# Council tax band review!



## jenks (Apr 20, 2009)

Having moved into a new built house a few months ago when the banding was evaluated I thought band E was too high, so looked into it..

Using a link off the monetsavingexpert website I determined that the rough value as off April 1991, when band values were set, my value would have been in the middle of band D

Also I found a house nearby that is worth over 50% more than mine also in band E

So I appealed.

The reply stated " in my opinion the value of your house in April 1991 would reasonably have been between £68,000-££88,000 ( band d)

However they will not change my banding!

About to appeal my review.

Any thoughts


----------



## herbiedacious (Sep 27, 2010)

It's worth persuing, l was refused a rebanding even though I had a copy of a building society valuation dated oct 1991which showed that the house was wrongly banded. Although most of the houses in my street are identical, l eventually got a rebanding because in 1991 mine was the only house without double glazing or central heating.

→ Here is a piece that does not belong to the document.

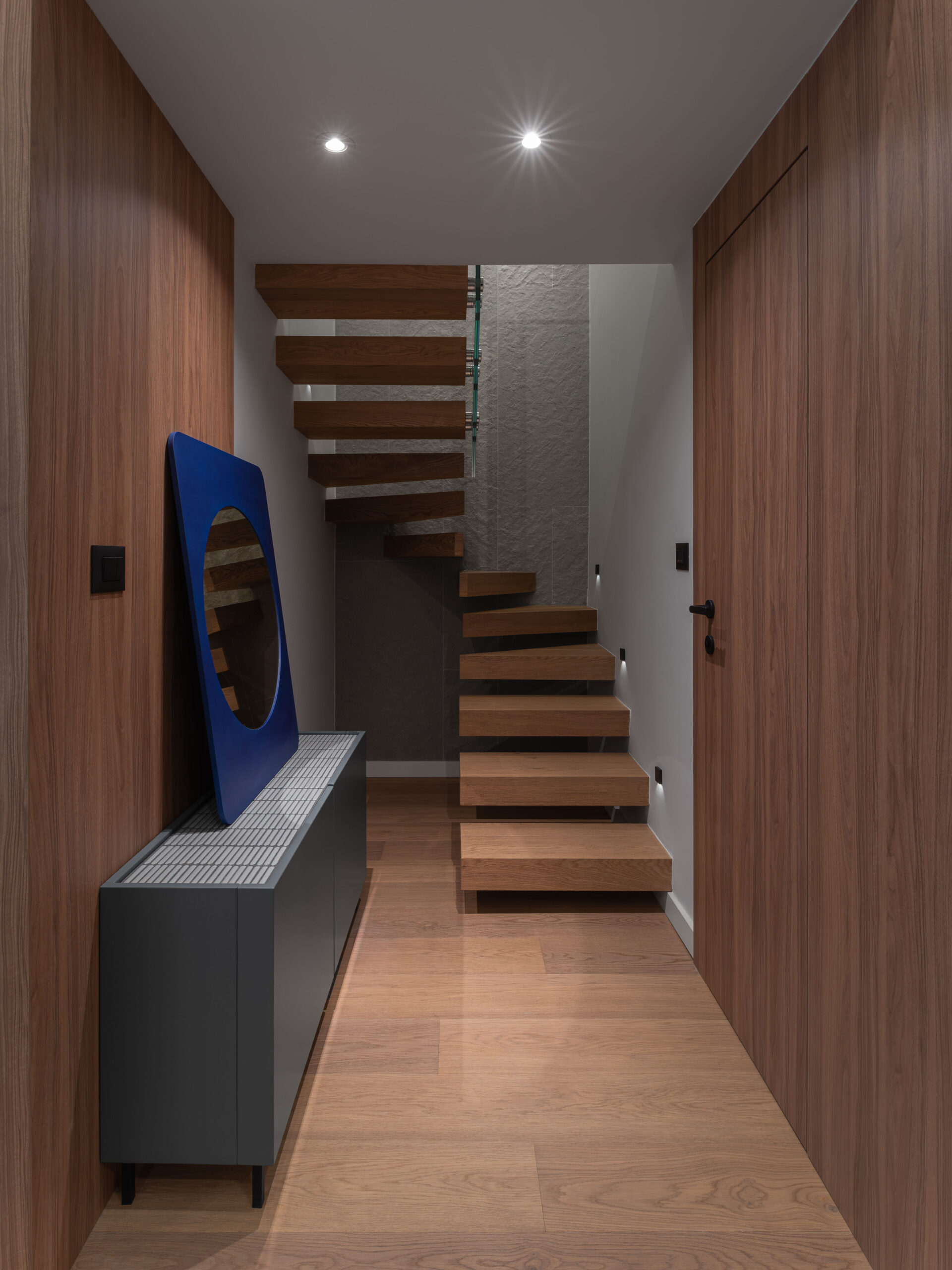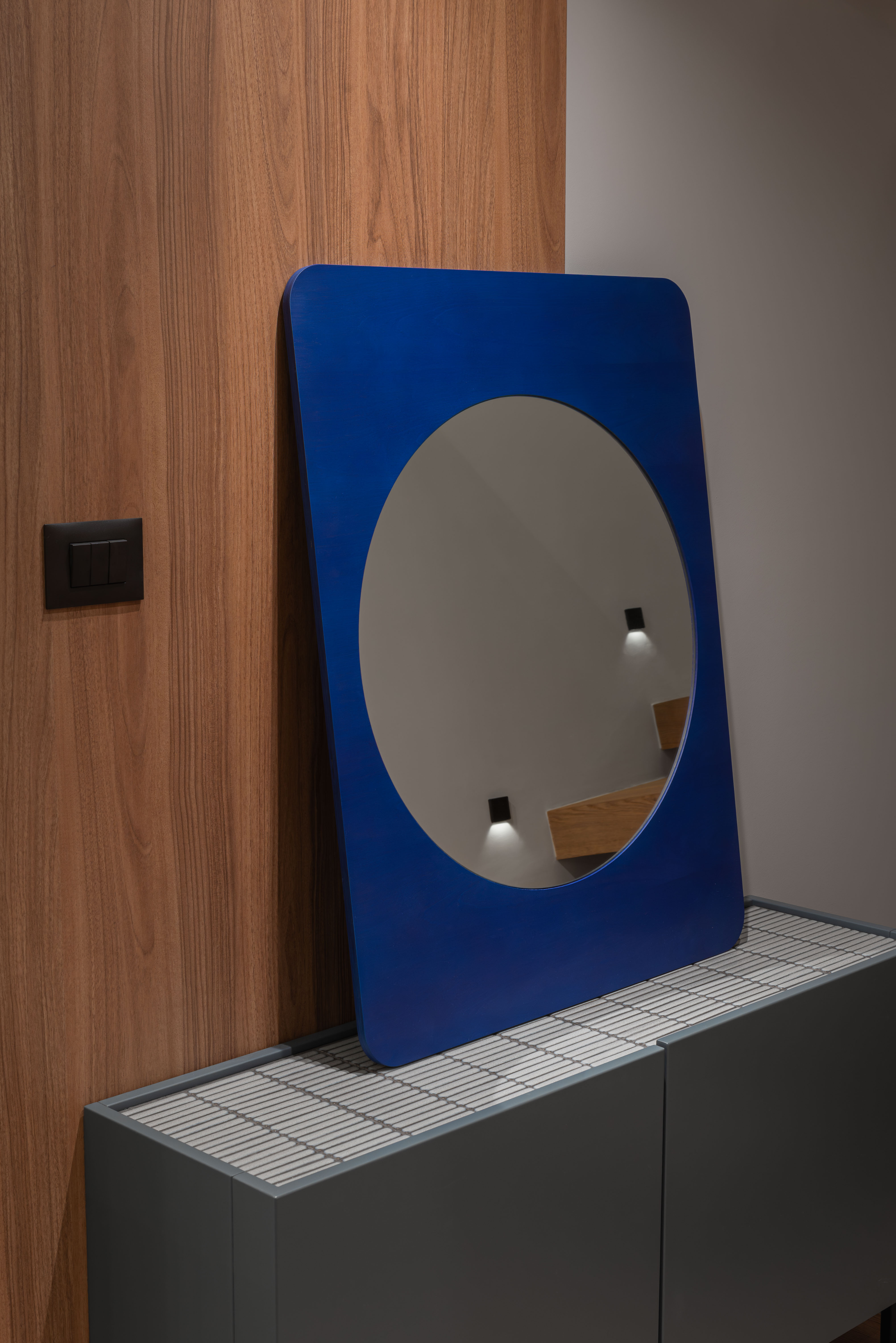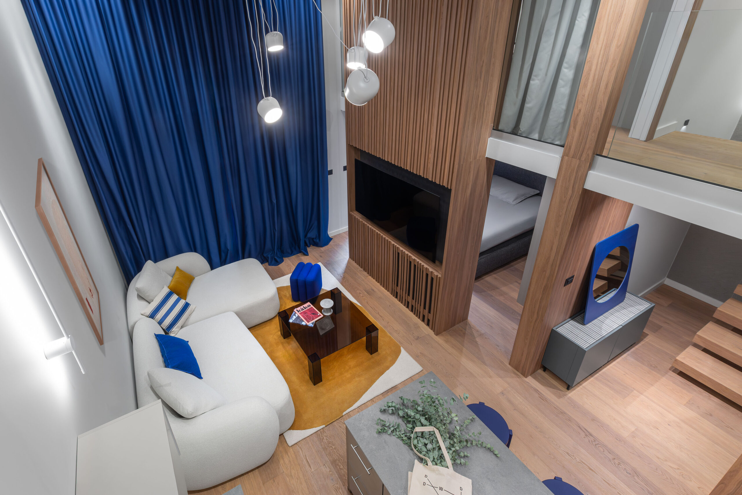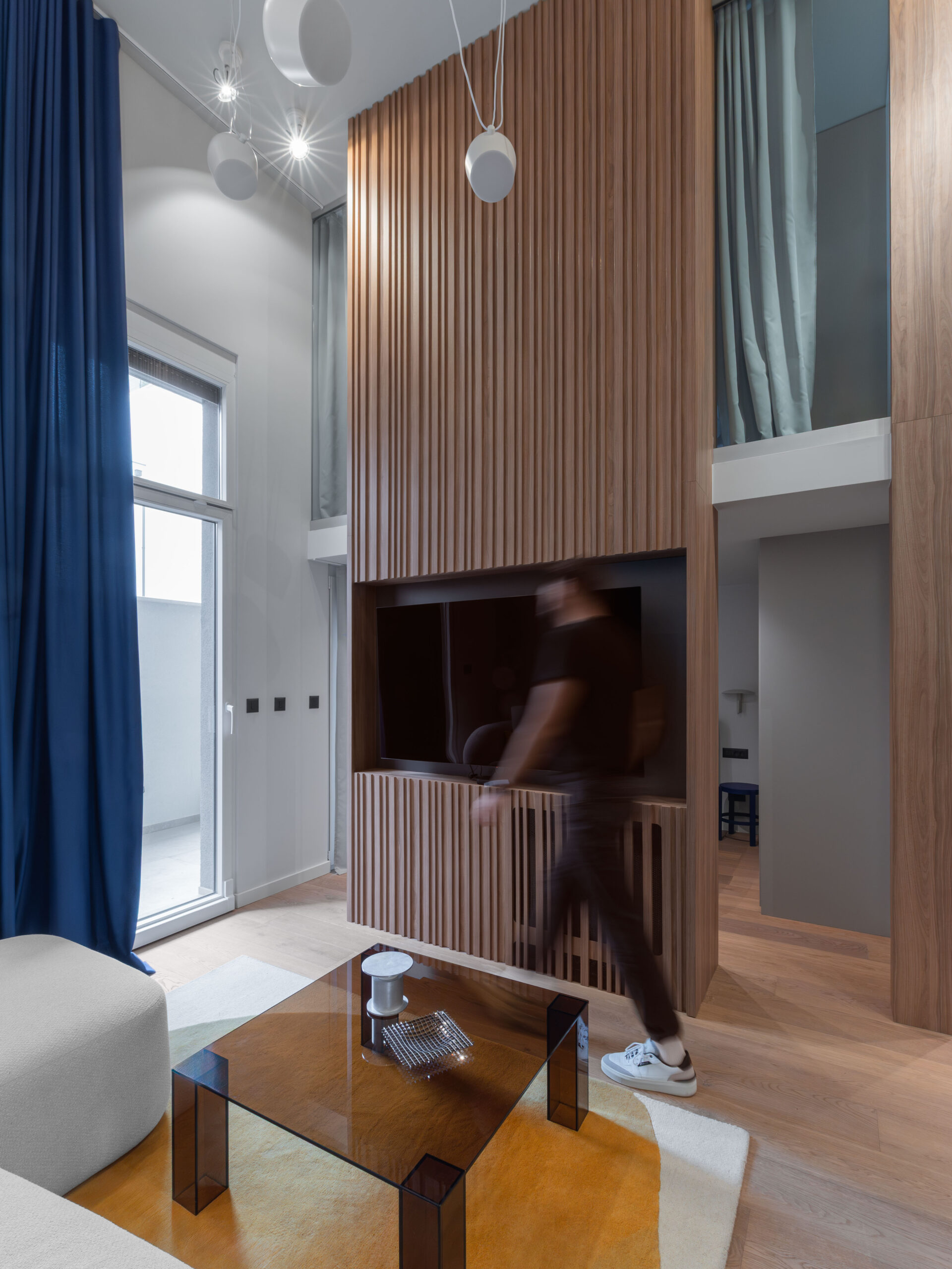 Materijalnost stana profilirana je kroz susret kontrasta: drvo i inox, toplo i hladno, meko i tvrdo, monumentalno i teksturalno. Drveni pod i visoki drveni totem unose taktilnost te vertikalno definiraju prostor, dok plava zavjesa, koja prati visinu totema, unosi potrebnu mekoću i fluidnost.

Result. (Dont tell my neighbours, l'll get lynched!)


----------



## slineclean (Dec 23, 2011)

I challenged my banding when I moved into my apartment and they sent someone out and they measured the all the rooms and I got mine re banded :thumb:


----------



## Barney Boy (Feb 12, 2013)

Previous property we lived in was built in 1995 and we appealed stating that as the house was not available to assess value in 1991 how could they put a band on it.They reduced the band by one level.:thumb:Everyone else in the close did the same except one couple who didn't bother and they carried on paying the higher rate.


----------



## Bill58 (Jul 5, 2010)

I had to fight to get mine at band F instead of G, I found out a few months ago that my neighbour who has put their house up for sale is a band E. Both houses are self builds and roughly the same size


----------



## SarahAnn (Apr 6, 2011)

Our's is due to go the wrong way any time now. The chap who came out to look at our house said the people at the other side of the bridge we live at had complained that their band was too high compared to our's. They said that we had got paddocks etc and they hadn't so it wasn't fair.

The chap who came out said that it didn't help that our house had been over-valued by the greedy person who built it who still lives next door to us and because it sold in 1991 for an over inflated price, we are stuffed.

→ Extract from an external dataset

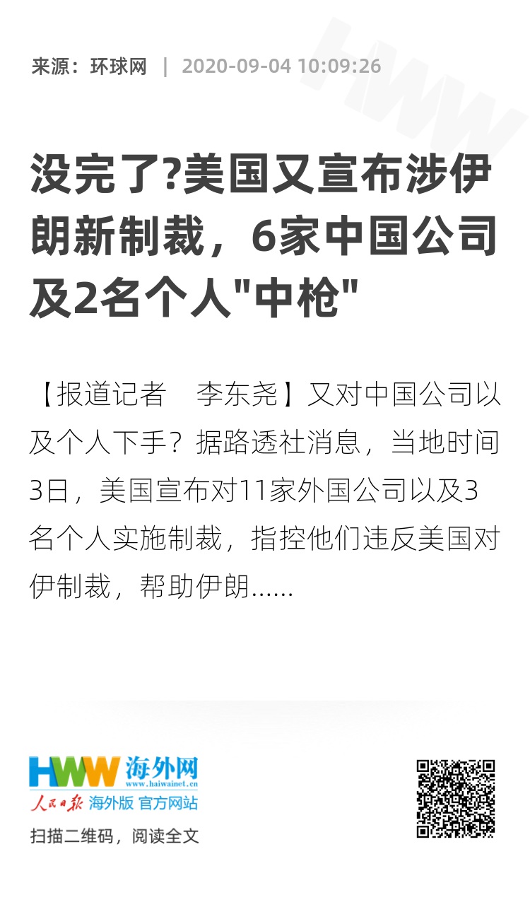 以与伊朗存在关联为由,美国此前曾多次对中国公司下黑手。今年5月,美国宣布对一家位于中国上海的物流公司实施制裁,据称这家公司与被美国列入黑名单的伊朗马汉航空有合作。对此,外交部发言人赵立坚在外交部例行记者会上曾强调,中方敦促美方立即取消相关非法制裁,并将坚定致力于维护本国企业的合法权益。
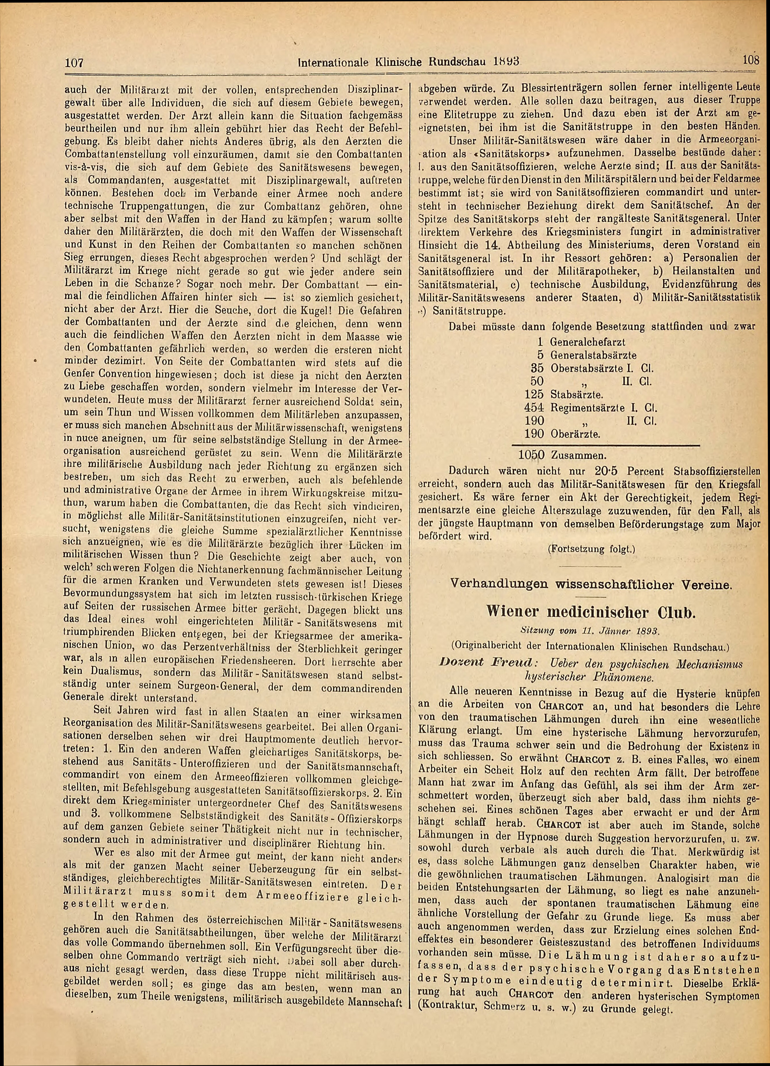 Dozent Freud: Ueber den psychischen Mechanismus hysterischer Phänomene.

He said that he would have to put an increase through but wouldn't rush it through. It was months ago that he visited us and we still haven't heard anything. He told us to appeal aswell when we do eventually get the letter saying it's going up into the next band so there must be loads of appeals hanging around and no-one paying the increase or getting the benefit of a decrease.

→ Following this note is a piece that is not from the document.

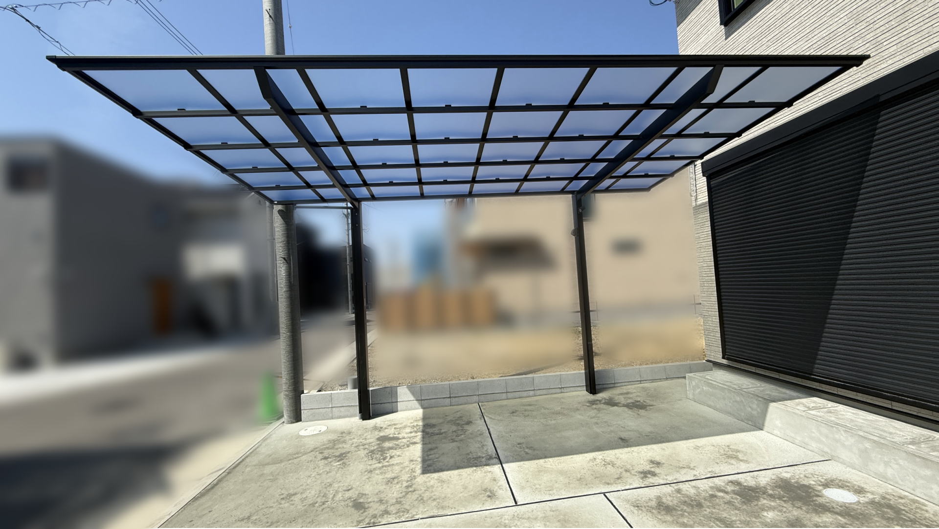 枚方市F様邸 カースペース LIXIL ネスカF30-54型/ブラック 熱線吸収ポリカ/クリアマットS H28柱仕様 土間コンクリート金コテ仕上げ枚方市F様邸 カースペース LIXIL ネスカF30-54型/ブラック 熱線吸収ポリカ/クリアマットS H28柱仕様
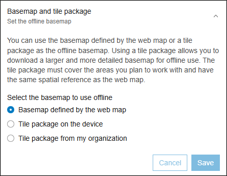 In the Basemap and tile package section, you have the option to choose between using the basemap defined by the web map or a tile package when an offline map area prepared ahead of time is taken offline. Tile packages allow you to use a larger file and can be useful if you have your own highly detailed or customized imagery and basemaps that you would prefer to use.

I know the people who complained as they give us dirty looks as we drive over our bridge :lol:


----------



## TaxTheRich (Aug 11, 2013)

Interesting.


----------



## SarahAnn (Apr 6, 2011)

We got our letter today. It's taken months to arrive.

We've gone up 2 bands. The chap who came to look at the house told us to appeal but I don't think the husband can be bothered. Looks like we've saved up til now anyway 

The chap who came said it was due to it being over-valued in 1991 and it actually sold at an inflated price. I'm in touch with the chap who bought it years after that for a lot less than someone else paid in '91 but it's what it sold for in 1991 that counts.

It sounds a right mess. I don't know why they don't just value them all again now.


----------



## Andy from Sandy (May 6, 2011)

> It sounds a right mess. I don't know why they don't just value them all again now.


That is a job creation scheme for when Labour get back into power as there is only about 27,000,000 addresses in the UK to be re-valued.


----------



## jenks (Apr 20, 2009)

There should be a list of current house values that relate to banding, these could be increased/decreased in line with average house prices. Therefore everyone knows where they stand. Our is that just too simple for local government?
Appeal papers turned up yesterday so will sort it this weekend


----------



## jenks (Apr 20, 2009)

Posted off my appeal this week. Sent in copies of pages off the interweb showing estimated values for bandings for 2013 values and one showing the estimated value of my house in April 1991. Both show my house should be in the band below what I am in.
Just got to wait now.


----------



## jenks (Apr 20, 2009)

Got a reply this week, they have to set up an appeal hearing, should be within the next 5 months.

5 BLOODY MONTHS! what a joke!


----------



## Rob_Quads (Jul 17, 2006)

Thats councils for you. If they were any other business they would have gone out of business.

It still amazes me how everything takes so long to sort with the council. I'm sure someone must realise the less in progress paperwork you have the easier and quicker it will get sorted


----------



## S63 (Jan 5, 2007)

jenks said:


> Got a reply this week, they have to set up an appeal hearing, should be within the next 5 months.
> 
> 5 BLOODY MONTHS! what a joke!


It is a joke, but all will be back dated if you win.:thumb:


----------



## Rebel007 (May 7, 2013)

SarahAnn said:


> It sounds a right mess. I don't know why they don't just value them all again now.


I sure hope not! One thing you can be absolutely certain about is if they revalue property now the council tax will only go one way and that is UP.

There would be an excuse if properties were revalued as we would all be living in properties much more valuable than they were in 1993 so they would just bring us into line based on our current value, no increase (yeah right) but since the house is worth 300% more the council tax should reflect that and be 300% more thats the argument that is likely to be used.

If you dont believe that would happen youi must live in a different world to me!
e.g. when VAT was reduced for a year the government increased fuel tax as petrol prices had recently fallen by a fair ammount, when VAT went back to its full rate the fuel tax was not rescinded it stayed in place meaning another back door tax increase had got through.


----------



## majcas84 (Aug 24, 2012)

Rebel007 said:


> I sure hope not! One thing you can be absolutely certain about is if they revalue property now the council tax will only go one way and that is UP.
> 
> There would be an excuse if properties were revalued as we would all be living in properties much more valuable than they were in 1993 so they would just bring us into line based on our current value, no increase (yeah right) but since the house is worth 300% more the council tax should reflect that and be 300% more thats the argument that is likely to be used.
> 
> ...


The council tax won't go up in line with the increase in property values since the 1990s if the properties are all re-valued. The bandings are just a way of apportioning the revenue that needs to be raised.

A council will set a budget to provide its services over the year and this will determine the total amount that it needs to raise in taxation. This total sum is then divided by the total number of households in its area by converting them all to 'Band D Equivalents' in order to determine the council tax payable by each household. So revaluation might mean some pay more than now and some will pay less but the total going to the council will not change because of revaluation changes.

The total amount a council can raise from council tax is capped by central government so you won't find your bill going up by 300% anytime soon. It will go up over time, but somewhere in line with inflation as the cost of services provided goes up too.

Apologies if that was a bit boring but hopefully it will go some way to putting your mind at rest.


----------